The government predicted large-scale unemployment at the war’s end — as happened following the First World War. Political and economic factors prompted Prime Minister William Lyon Mackenzie King to have the Family Allowance Law passed in 1944, possibly as a vote-getting ploy in the next election as the Conservatives were making gains. The family allowance paid $5 per month for children under age five; $6 per month for six-to-nine-year-olds; $7 a month for 10-12 years; and $8 for 13-15. Family allowances were seen as a means of maintaining purchasing power.
After the war ended, the women who had helped out during the war were encouraged to return to their roles as housewife’s and mothers and many went willingly. Some women thought that family assistance was partly a plan to take thousands of Canada’s women, who had been employed in the war effort and hurry them back to the kitchen before they got too empowered. Many did stay on to work in the growing service industry, however. The war years had changed the face of Canada’s workplaces forever.
Learning from the first war the government offered returning veterans disability pensions, job training and loans were provided for houses, farms and new businesses. It was not all that easy for many. For women giving up authority over to returning husbands and for the men who had seen the horrific sights of war returning to civilian life could be difficult. The government encouraged people to come to Canada and many did come from war torn Europe as well as thousands of war brides. For 15 years after the war, Canada had more children per family than any other industrialized nation. Welcome the baby boomers.
Today’s salad recipes come from a 1948 Family Circle magazine.
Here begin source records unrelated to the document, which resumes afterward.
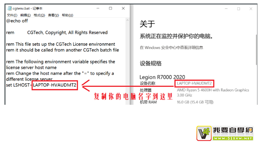 第19步:按下图位置所示,复制你的电脑名字,粘贴到 LSHOST= 后面的位置,然后点击保存退出
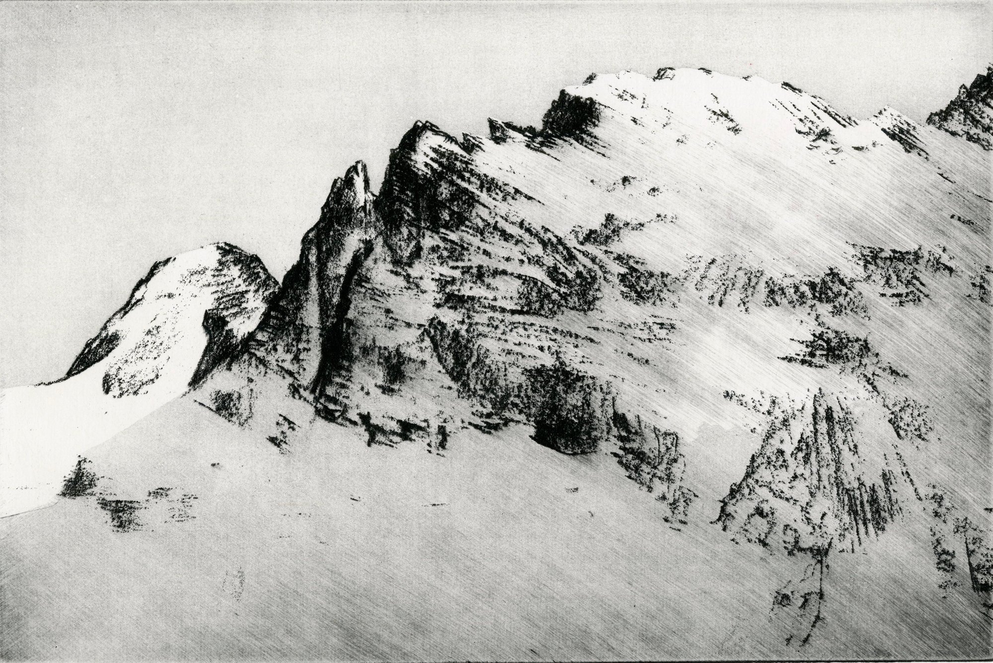 This etching is inspired by Tschingelhorn mountain shining behind a closer range of peaks, in Murren, Switzerland. Printed on Hahnemuhle paper, edition of 25. It is part 2 of a triptych of the entire panorama from the village of Murren (see Murren Panorama).
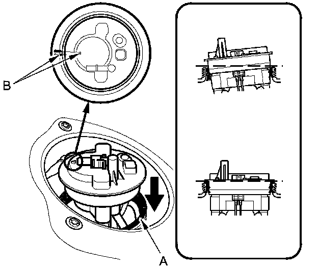 3. Align the marks (B) on the fuel tank and the fuel tank unit, then insert it straight into the fuel tank. Make sure it evenly contacts the base gasket.
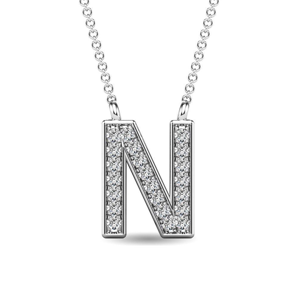 Pendentif lettre N en or blanc 10 carats, diamant 1/20 ct.
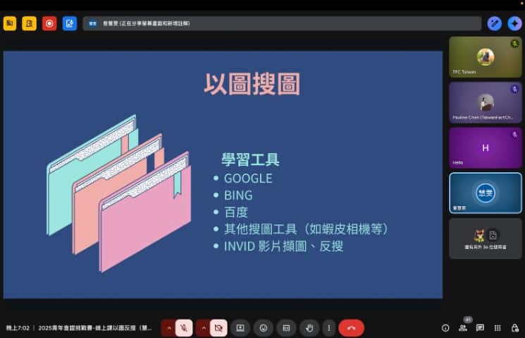 圖說:線上課擷圖,講師說明以圖搜圖的工具如何使用。(台灣事實查核中心提供)
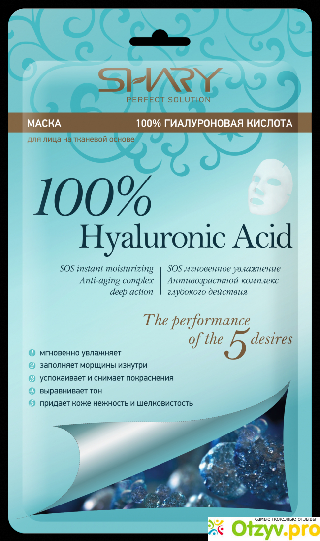 Тканевая маска SHERY 100% гиалуроновая кислота. Это антивозрастной комплекс глубокого действия, быстрое, мгновенное увлажнение. В своем составе она имеет комплекс витаминов В3, В5, В6, С, Е.
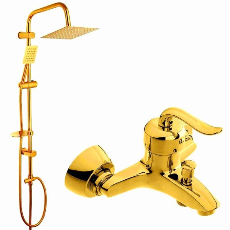 شیر دوش قاجاری طلایی به همراه علم دوش مربع دوکاره طلایی شیرآلات شامل ۵ سال گارانتی شرکتی استاندارد ملی ایران
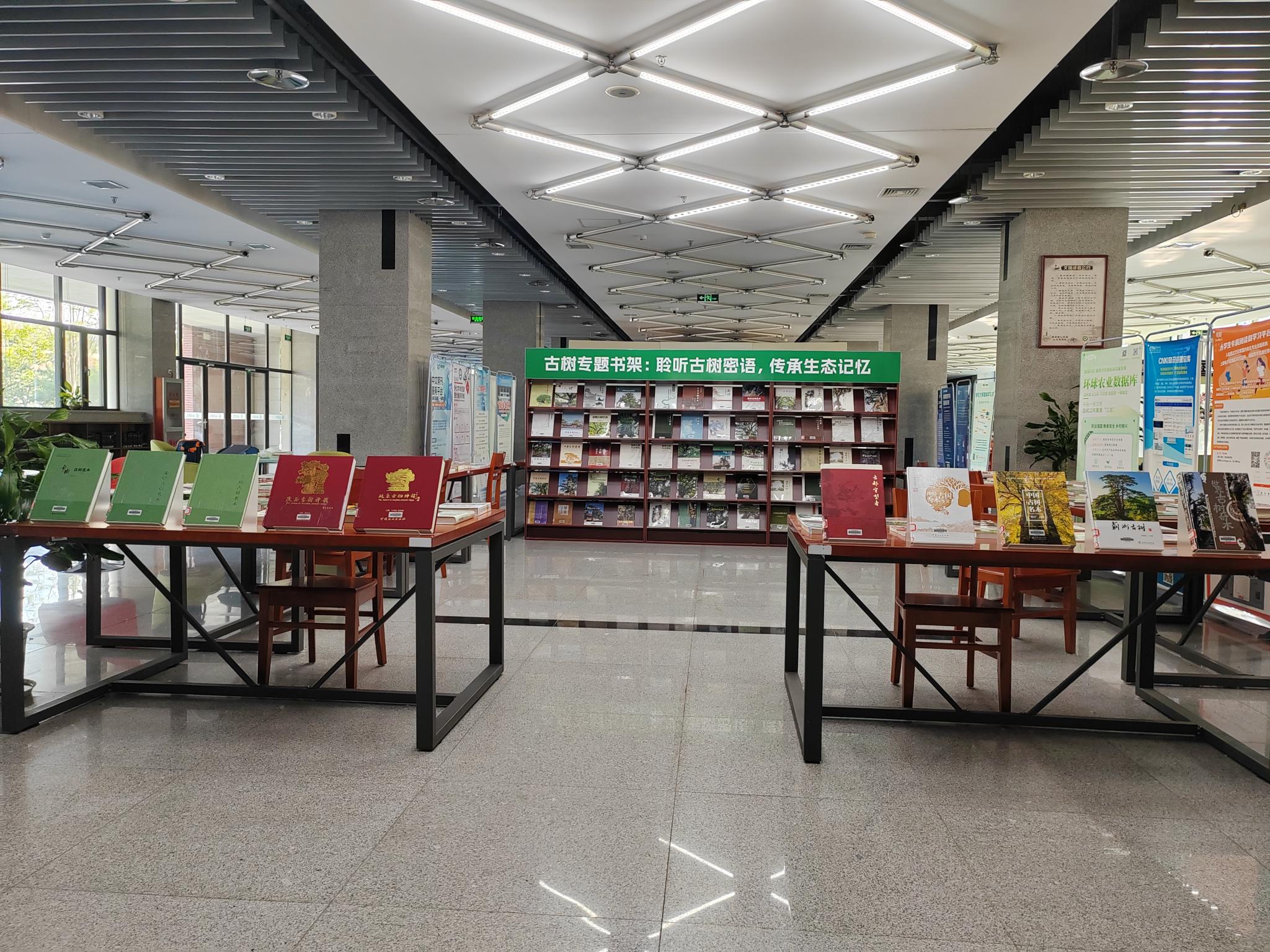 为配合 “树木医生” 微专业开班,4 月 28 日,图书馆精心策划并打造古树专题阅读专区—— “聆听古树密语,传承生态记忆” 。此次古树阅读展区设置在图书馆一层大厅,精选了《中国古树名木》《世界古树奇木》《古树养护与复壮》《古树复壮理论与实践》等大量学术著作,全方位覆盖古树健康评估、病虫害防治、复壮技术等知识领域。师生们漫步书展间,不仅能汲取古树研究与保护的专业知识,更能透过文字感悟古树承载的历史文化与生态记忆,在书香中开启一场与古树的深度对话。

Curried chicken and avocado salad
In a medium size bowl toss together:
4 cups diced cooked chicken
2 cups finely diced celery
2 Tbsp. grated onion
1 tsp. salt
1 tsp. curry powder or more if desired
1/8 tsp. pepper
Moisten with:
1/2 to 3/4 cup mayonnaise
Halve and remove seeds from:
6 avocados
Pile salad in avocado halves, using about 1/2 cup salad in each.
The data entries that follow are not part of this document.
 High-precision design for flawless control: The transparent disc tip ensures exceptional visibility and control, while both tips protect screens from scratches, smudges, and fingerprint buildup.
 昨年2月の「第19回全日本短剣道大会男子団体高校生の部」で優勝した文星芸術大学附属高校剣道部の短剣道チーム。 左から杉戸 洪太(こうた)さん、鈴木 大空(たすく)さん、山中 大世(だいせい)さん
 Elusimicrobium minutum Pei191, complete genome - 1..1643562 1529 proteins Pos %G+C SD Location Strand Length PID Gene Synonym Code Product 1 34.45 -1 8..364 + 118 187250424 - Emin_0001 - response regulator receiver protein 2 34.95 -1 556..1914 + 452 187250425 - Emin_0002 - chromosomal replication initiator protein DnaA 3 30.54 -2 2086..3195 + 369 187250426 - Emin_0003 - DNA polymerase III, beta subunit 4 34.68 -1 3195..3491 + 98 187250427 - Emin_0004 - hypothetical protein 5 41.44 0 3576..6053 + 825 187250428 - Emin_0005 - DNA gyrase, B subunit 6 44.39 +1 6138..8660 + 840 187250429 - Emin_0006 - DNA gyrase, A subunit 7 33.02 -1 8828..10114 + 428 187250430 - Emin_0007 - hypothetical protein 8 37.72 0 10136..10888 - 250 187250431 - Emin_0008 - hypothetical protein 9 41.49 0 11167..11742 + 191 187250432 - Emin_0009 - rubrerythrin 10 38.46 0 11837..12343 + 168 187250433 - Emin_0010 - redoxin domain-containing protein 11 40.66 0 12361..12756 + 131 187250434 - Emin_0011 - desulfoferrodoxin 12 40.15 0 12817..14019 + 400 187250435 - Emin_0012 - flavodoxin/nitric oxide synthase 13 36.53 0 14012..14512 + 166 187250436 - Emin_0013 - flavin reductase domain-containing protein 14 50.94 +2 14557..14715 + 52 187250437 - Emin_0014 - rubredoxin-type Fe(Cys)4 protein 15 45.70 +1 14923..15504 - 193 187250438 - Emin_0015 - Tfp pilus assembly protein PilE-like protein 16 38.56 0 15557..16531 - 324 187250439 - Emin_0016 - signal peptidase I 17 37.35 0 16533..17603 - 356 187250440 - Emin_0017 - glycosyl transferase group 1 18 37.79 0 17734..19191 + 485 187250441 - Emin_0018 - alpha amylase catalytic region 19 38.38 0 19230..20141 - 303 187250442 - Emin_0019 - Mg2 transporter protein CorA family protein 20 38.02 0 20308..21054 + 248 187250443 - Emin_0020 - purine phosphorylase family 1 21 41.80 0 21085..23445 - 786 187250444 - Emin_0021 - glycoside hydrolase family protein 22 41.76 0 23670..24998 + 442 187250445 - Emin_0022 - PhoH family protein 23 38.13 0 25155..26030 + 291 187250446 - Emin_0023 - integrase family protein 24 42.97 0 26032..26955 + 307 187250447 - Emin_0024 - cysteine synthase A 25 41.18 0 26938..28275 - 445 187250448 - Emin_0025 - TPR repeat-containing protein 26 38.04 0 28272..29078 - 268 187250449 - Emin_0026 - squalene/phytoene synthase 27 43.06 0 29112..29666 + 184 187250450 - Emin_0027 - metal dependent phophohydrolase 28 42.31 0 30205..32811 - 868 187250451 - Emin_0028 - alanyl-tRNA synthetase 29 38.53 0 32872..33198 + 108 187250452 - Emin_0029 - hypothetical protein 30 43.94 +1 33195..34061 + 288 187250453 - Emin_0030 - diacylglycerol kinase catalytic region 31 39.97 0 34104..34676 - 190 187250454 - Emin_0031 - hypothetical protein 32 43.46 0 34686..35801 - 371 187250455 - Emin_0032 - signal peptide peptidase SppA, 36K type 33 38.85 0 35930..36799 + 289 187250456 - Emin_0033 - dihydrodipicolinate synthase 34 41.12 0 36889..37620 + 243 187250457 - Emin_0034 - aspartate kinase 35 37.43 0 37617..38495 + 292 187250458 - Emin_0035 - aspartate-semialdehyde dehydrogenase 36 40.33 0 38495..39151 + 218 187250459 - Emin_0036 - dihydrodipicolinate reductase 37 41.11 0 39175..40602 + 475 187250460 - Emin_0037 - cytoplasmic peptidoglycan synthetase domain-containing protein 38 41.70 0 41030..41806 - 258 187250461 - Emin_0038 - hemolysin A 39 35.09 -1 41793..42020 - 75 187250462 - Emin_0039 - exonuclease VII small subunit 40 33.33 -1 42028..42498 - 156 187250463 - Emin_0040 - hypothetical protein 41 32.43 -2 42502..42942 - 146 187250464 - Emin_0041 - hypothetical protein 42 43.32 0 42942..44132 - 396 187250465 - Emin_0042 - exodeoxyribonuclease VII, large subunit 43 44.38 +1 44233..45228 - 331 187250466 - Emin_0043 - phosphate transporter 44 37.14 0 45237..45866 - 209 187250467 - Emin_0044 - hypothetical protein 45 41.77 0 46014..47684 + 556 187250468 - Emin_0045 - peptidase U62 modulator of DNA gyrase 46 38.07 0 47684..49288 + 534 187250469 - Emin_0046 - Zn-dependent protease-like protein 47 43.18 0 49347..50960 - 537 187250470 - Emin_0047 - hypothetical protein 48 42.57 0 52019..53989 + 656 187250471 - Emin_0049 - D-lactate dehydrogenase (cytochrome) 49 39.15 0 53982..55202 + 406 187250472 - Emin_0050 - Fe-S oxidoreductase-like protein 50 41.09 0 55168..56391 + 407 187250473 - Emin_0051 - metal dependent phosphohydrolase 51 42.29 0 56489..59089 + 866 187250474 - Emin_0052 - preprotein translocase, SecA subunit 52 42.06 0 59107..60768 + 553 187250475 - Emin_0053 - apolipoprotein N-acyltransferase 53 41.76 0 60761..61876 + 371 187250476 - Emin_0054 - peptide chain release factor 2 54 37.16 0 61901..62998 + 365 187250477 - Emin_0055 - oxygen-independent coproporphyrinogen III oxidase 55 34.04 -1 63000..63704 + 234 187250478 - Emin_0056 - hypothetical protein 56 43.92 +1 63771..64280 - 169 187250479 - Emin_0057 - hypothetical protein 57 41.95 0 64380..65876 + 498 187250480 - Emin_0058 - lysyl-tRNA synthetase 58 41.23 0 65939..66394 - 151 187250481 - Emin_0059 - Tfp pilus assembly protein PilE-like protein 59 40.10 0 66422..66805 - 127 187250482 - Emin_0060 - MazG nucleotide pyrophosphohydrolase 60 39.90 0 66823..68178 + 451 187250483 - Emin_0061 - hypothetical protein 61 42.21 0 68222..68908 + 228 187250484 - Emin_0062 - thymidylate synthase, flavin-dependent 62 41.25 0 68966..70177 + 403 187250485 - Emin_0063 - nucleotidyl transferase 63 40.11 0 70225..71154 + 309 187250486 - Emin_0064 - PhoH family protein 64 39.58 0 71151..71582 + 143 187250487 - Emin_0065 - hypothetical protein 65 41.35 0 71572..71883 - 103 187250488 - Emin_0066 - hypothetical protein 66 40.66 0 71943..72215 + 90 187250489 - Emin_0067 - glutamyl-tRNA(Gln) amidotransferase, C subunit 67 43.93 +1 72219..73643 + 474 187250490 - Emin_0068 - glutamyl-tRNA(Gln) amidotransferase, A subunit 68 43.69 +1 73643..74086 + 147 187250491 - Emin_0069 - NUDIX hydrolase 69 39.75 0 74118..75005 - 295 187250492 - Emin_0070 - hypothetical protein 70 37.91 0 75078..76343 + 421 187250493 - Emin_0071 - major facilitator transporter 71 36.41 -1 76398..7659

Garnish with sliced pimiento. Serves twelve.
Peach salad with almond-cheese dressing
In a medium bowl beat until creamy with rotary beater:
1 cup cottage cheese
Stir in:
1/2 cup sour cream
2 Tbsp. lemon juice
2 Tbsp. sugar
1/4 tsp. salt
1/4 tsp. almond extract
1/4 cup toasted slivered almonds
Peel, halve and pit:
6 ripe peaches
Arrange two peach halves on bed of greens on six individual salad plates. Spoon almond-cheese dressing over peaches. Garnish with toasted almonds. Serves six.